Hacer el amor llorando (Relatos de muerte 11, Alberto Morán)

 Con tantas experiencias, Luis Carlos llegó a la conclusión de que no había nada en la vida que tuviera tanto de dolor como de sabroso, que hacer el amor llorando en esas despedidas de parejas que, por tantas eventualidades, obstáculos, problemas, no pueden continuar la relación. Y tienen que dejarse queriéndose, desgarrándose, rompiéndose por dentro.

                Luis Carlos siempre recordaba la vez que le dijo adiós a una novia en la intimida de una habitación del Motel El Guasimito, ya, incluso, con planes de matrimonio. La relación terminó porque ella recibió una oferta de trabajo irrechazable en Medio Oriente; y él se negó a seguirla, no por prejuicios machistas, sino porque era un hombre solvente con un buen trabajo en el país que tampoco podía dejar.

                En esas circunstancias, establecieron lo que creyeron más convenientes para cada quien, y acordaron el último encuentro, el de la despedida, ese que hizo del rostro de la muchacha una laguna con las lágrimas de ella y las de él encima amándose, deseando ambos que el orgasmo no llegara nunca; en ese momento no querían ese doloroso final por más placentero que resultara, sería el adiós definitivo. Luis Carlos chupaba como un demente las lágrimas de las mejillas de ella, le sorbía deseoso el llanto desde bien adentro de su boca, de su alma, de su ser. Y ella respondía con la misma intensidad, con la misma agonía, con la misma pasión.

                Ahora estaba en circunstancias similares, solo que esta vez no estaba dispuesto a perder a Lucero,  y pensando en la embarazosa situación, la sorprendió su esposa Clara Elena, una ruda oficial de policía, quien le puso la pistola vacía en la sien y haló el gatillo.

                Al golpe seco, Luis Carlos sacudió la cabeza y gritó exaltado:

-¡¿Qué te ocurre mujer?!

-Solo te pido que recuerdes que de mí no se burla nadie.

-Yo no me burlo de nadie.

-Te noto extraño, Luis Carlos y te conozco…

Luis Carlos a pesar de la severa advertencia de su esposa,  al otro día fue en busca de Lucero para concretar la relación y meterse a vivir con ella, pero la mujer de repente cambió de opinión.

-Esto es un error, Luis Carlos.

-Nos amamos, Lucero, bien lo sabes.

-Sí, pero esta relación no tiene sentido.

-¿Por qué, dime, por qué ahora esa actitud?

-Tus hijos.

-Mis hijos son mis hijos, pero eso no implica que nos dejemos de querer, Lucero. Te amo.
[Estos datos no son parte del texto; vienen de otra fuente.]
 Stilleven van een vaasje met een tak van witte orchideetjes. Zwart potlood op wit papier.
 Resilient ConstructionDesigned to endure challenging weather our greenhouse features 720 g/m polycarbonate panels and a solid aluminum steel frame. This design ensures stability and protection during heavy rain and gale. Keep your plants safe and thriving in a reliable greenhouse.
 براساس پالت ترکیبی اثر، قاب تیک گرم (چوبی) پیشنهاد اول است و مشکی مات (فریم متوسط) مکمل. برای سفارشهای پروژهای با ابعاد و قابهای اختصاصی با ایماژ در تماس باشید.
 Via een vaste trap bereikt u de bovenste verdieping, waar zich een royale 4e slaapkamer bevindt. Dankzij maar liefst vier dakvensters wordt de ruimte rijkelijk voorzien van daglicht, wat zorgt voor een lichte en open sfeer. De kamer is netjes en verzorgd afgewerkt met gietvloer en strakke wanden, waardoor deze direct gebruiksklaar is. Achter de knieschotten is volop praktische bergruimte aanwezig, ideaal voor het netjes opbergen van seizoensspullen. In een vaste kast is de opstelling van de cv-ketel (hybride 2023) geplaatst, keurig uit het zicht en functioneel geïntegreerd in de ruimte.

-Se terminó Luis Carlos… ¡Comprende!

El hombre viendo que no podía persuadir a Lucero, la invitó a despedirse  definitivamente al Motel El Guasimito, y cuando estaban en la intimida de habitación, volvió a fijar su irrenunciable posición:

-No te voy a perder.

-Chico, no insistas, vine porque con tanto amor entre nosotros, yo también deseaba esta despedida –dijo ella y las palabras de ambos fueron consumidas por las lágrimas, los sollozos y uno que otro “te amo” balbuceante de dolor, placer, gozo, sufrimiento.

En eso, llegó a la administración del motel la oficial Clara Elena con dos funcionarios policiales:

-¿En que habitación está el señor Luis Carlos Montesinos?
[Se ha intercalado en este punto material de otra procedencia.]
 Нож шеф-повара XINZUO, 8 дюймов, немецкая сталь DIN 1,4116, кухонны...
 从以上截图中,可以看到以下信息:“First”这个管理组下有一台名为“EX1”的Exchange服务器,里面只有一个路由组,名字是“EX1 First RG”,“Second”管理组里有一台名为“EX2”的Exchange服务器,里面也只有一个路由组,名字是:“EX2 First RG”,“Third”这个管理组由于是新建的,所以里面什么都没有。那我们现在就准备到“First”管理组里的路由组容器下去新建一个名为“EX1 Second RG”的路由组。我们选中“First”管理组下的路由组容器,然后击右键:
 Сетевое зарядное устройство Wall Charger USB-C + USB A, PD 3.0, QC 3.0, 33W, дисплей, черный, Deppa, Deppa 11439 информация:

El administrador quiso negar la información; Clara Elena se le fue encima con las esposas y el empleado habló. “En la 117”,  dijo asustado.
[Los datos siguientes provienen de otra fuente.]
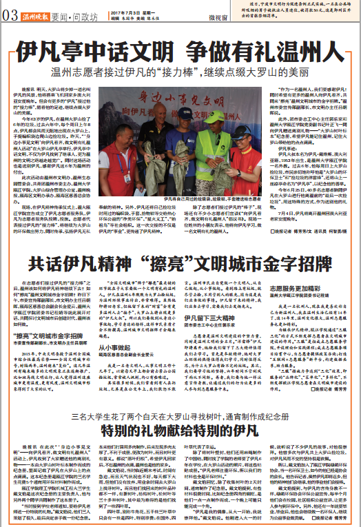 明天,大罗山将少掉一道名叫伊凡的风景,他将搭乘飞机回家乡澳大利亚安度晚年。但会有更多的“伊凡”接过他的“接力棒”,循着他的足迹,继续点缀大罗山的美丽。 今年63岁的伊凡,在温州大罗山捡了6年的垃圾,过去六年中,每个周日上午8点,伊凡都会风雨无阻地出现在大罗山上,手提编织袋边爬山边捡垃圾。昨天,“‘身边小事见文明’向伊凡看齐,做文明有礼温州人活动”在大罗山伊凡亭举行,伊凡亭中话文明,不仅为伊凡找到了继承人,更为温州的文明之路越走越宽广。同时这场活动也是送别伊凡,感谢伊凡这6年为温州的付出。 此次活动由温州市文明办、温州生态园管委会、共青团温州市委主办,少妇白洁 瓯江学院、大罗山综合管理办公室、温州晚报、瓯海区文明办承办,瓯海区慈善总会协办。 现场,在伊凡精神传承仪式上,温大瓯江学院宣告成立了伊凡志愿者服务队,伊凡为志愿者服务队授牌、授旗。志愿者代表接过伊凡的“接力棒”,将继续为大罗山的环保做出努力,同时传承、弘扬伊凡无私奉献的精神。另外,伊凡还将自己捡垃圾时用过的编织袋、手套、拾物钳等交给热心环保公益的“净美环保”、“星火义工”、“始祖鸟”等社会组织。这一次交接的不仅是伊凡的“事业”,更传递了伊凡精神。 除了志愿者们接过伊凡的“棒子”,现场还有不少小志愿者们宣读《“向伊凡看齐,做文明有礼温州人”倡议书》。现场一位姓林的小朋友表示,他将向伊凡学习,做一名文明有礼的温州人。 “作为一名温州人,我们要感谢伊凡!同时希望有更多的温州人向伊凡看齐,共同来‘擦亮’温州文明城市的金字招牌。”温州市委宣传部副部长、市文明办主任吕朝晖说。 此外,团市委志工中心主任郭乐家和少妇白洁 瓯江学院党委副书记叶正飞一同向伊凡赠送离别礼物——“大罗山树叶标本”纪念册,希望伊凡能记住温州,记住大罗山带给他的点点滴滴。 伊凡事迹: 伊凡大叔本名为伊凡·戴维斯,澳大利亚籍,1953年出生,是少妇白洁 瓯江学院一名外教。过去6年,他每周日上大罗山捡垃圾,市民亲切地称呼他是“大罗山的环保卫士”和“捡垃圾的洋雷锋”,还将山上一座凉亭命名为“伊凡亭”,以纪念他的善举。 今年6月25日,40多名志愿者陪同伊凡在大罗山进行他离温前的“最后一次捡垃圾”,用这特殊的方式,作为送别他的礼物。 7月4日,伊凡将离开温州回澳大利亚老家安度晚年。 来源:温州晚报 相关链接: 温州晚报://news.66wz.com/system/2017/07/03/105005898.shtml

La oficial continuó en zancadas con la mano en la pistola, sus dos compañeros, un funcionario y una funcionaria, quisieron seguirla y ella se opuso: “Este es mi problema y lo resuelvo yo”, advirtió subiendo presurosa las escaleras. En el pasillo se topó con un señor que manipulaba una pulidora dándole brillo al piso.

En ese instante, los acompañantes de Clara Elena que esperaban angustiados abajo con el administrador, escucharon tres disparos, a los tiros subieron corriendo sin tomar en cuenta que el hombre de la limpieza bajaba corriendo.

Y cuando llegaron a la habitación 117 encontraron a la oficial Clara Elena sin vida con un balazo en la cara. Los funcionarios derribaron la puerta del cuarto a patadas y observaron sobre la cama a Carlos Luis y a Lucero sin ropa y también muertos de un tiro cada uno.

La Policía de Investigaciones Penales detuvo en tiempo record al señor de la limpieza y de inmediato resolvió el caso. Lucero desesperada ante la insistencia de Luis Carlos sin querer dejarla, tomó la pistola de él y le pegó un balazo en la cabeza, no siendo ducha en el manejo de armas, en el arrebató se le escapó un tiro que  atravesó la puerta e impactó a Clara Elena, después, ella se quitó la vida disparándose en la sien.